Imagine my horror when four years ago, I received an annual report from Exxon because we were one of its shareholders. Somehow our mutual funds had lumped us into a bundle that included Exxon. I had never thought about where our funds were going. Immediately, I called our investment broker and told him to take our money out of oil and gas. I added Nestlé and Unilever to the list. “Move as much of our funds into renewables,” I said. He thought I was nuts. Soon after, I learned that oil stocks tanked. 

Look to the inspiring work of activist surfers in Australia who are fighting to keep oil companies from drilling the Great Austrialian Bight. To those who may snarkily retort, “But isn’t your surfboard made out of oil?” — sure dude. Now excuse me while I use this bullhorn.

In the United States, we too are threatened by the pressure to open our coasts to offshore drilling. We need to push for the Green New Deal. In every city and every nation, we need to urge our leaders to declare a climate emergency and to act on it.

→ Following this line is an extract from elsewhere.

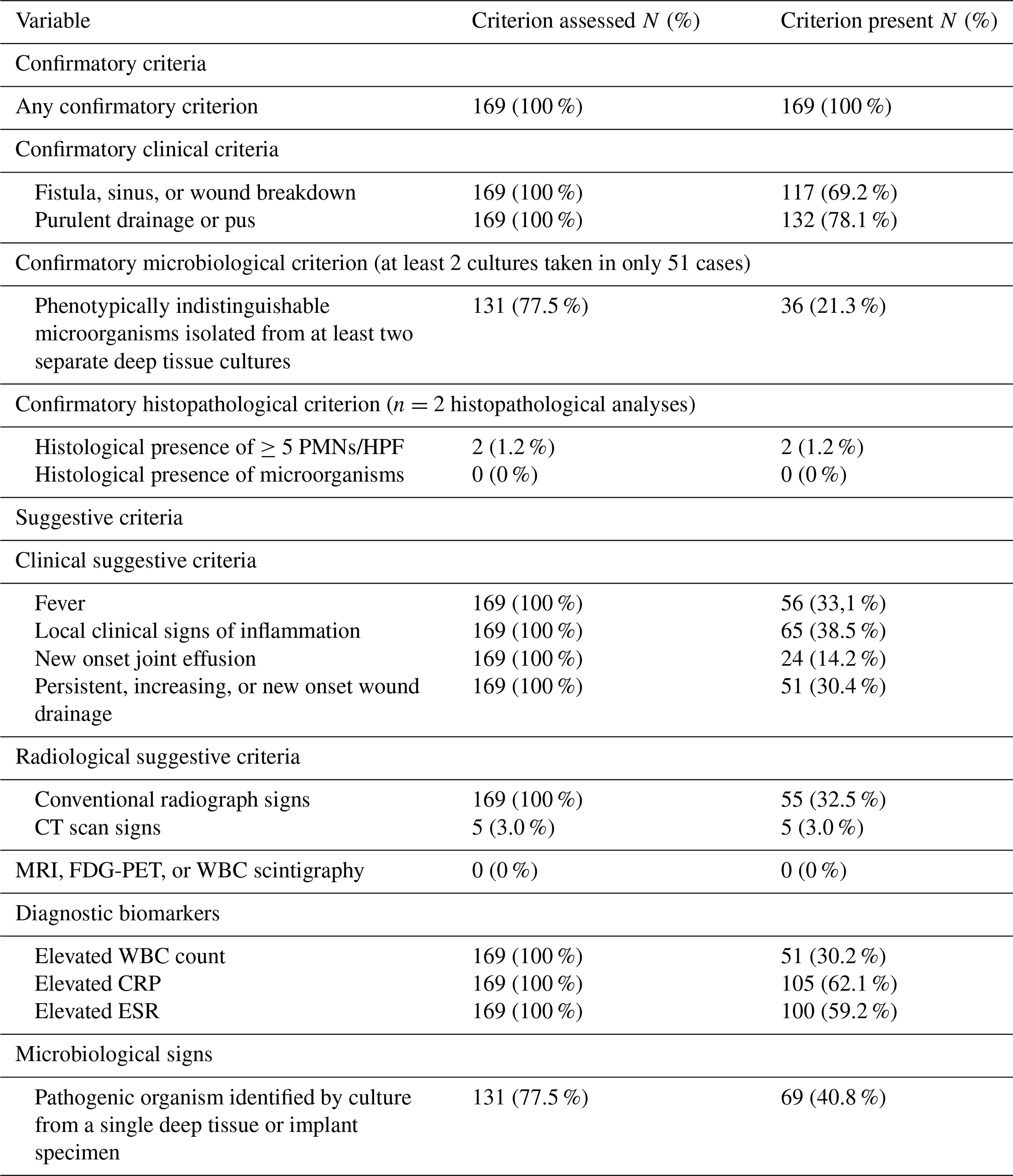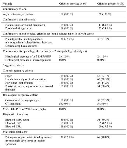 The prevalence of confirmatory and suggestive diagnostic criteria is shown in Table 2. All patients had at least one confirmatory criterion, with 164 (97 %) displaying a clinical confirmatory sign. Microbiological analysis was performed in 131 (77.5 %) cases, with confirmatory criteria met in only 36 (21.3 %) patients, largely due to insufficient sampling (≥2 samples in only 39.0 % of patients). Histopathology was done in only 2 cases (1.2 %), both positive. Among suggestive criteria, local signs of inflammation (N = 65, 38.5 %), fever (N = 56, 33.1 %), and wound drainage (N = 51, 30.4 %) were most common. Elevated white blood cell (WBC) count and CRP were observed in 51 (30.2 %) and 105 (62.1 %) patients, respectively. Plain radiographic signs were present in 55 patients (32.5 %). Only 5 patients (3.0 %) underwent CT scans. No MRI, 18FDG-PET, or scintigraphy was performed. Pathogens were isolated from a single culture sample in 69 cases (40.8 %).
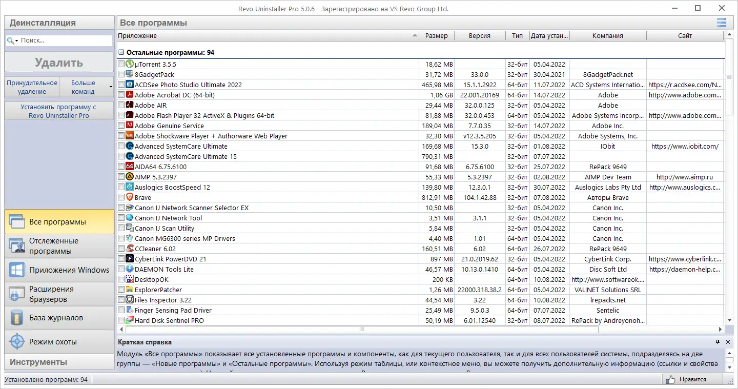 Revo Uninstaller — это мощная утилита для полного и безопасного удаления программ с компьютера. Программа эффективно удаляет ненужные приложения и очищает систему от остаточных файлов, папок и записей реестра, которые стандартные средства деинсталляции оставляют после себя. Её продвинутые функции, включая режим охотника и глубокое сканирование, обеспечивают высокую точность и надёжность при очистке системы.

On my sunset walks along the beach, it’s easy to soak in the wonder of the pink skies and seas that look like liquid gold and forget that our ecosystem is on the brink of collapse. I check the high tide line again. I say prayers of gratitude for this slice of heaven on earth. We must do everything we can to preserve as much of this beauty as we can. Because I know this for certain: There are no waves on Mars.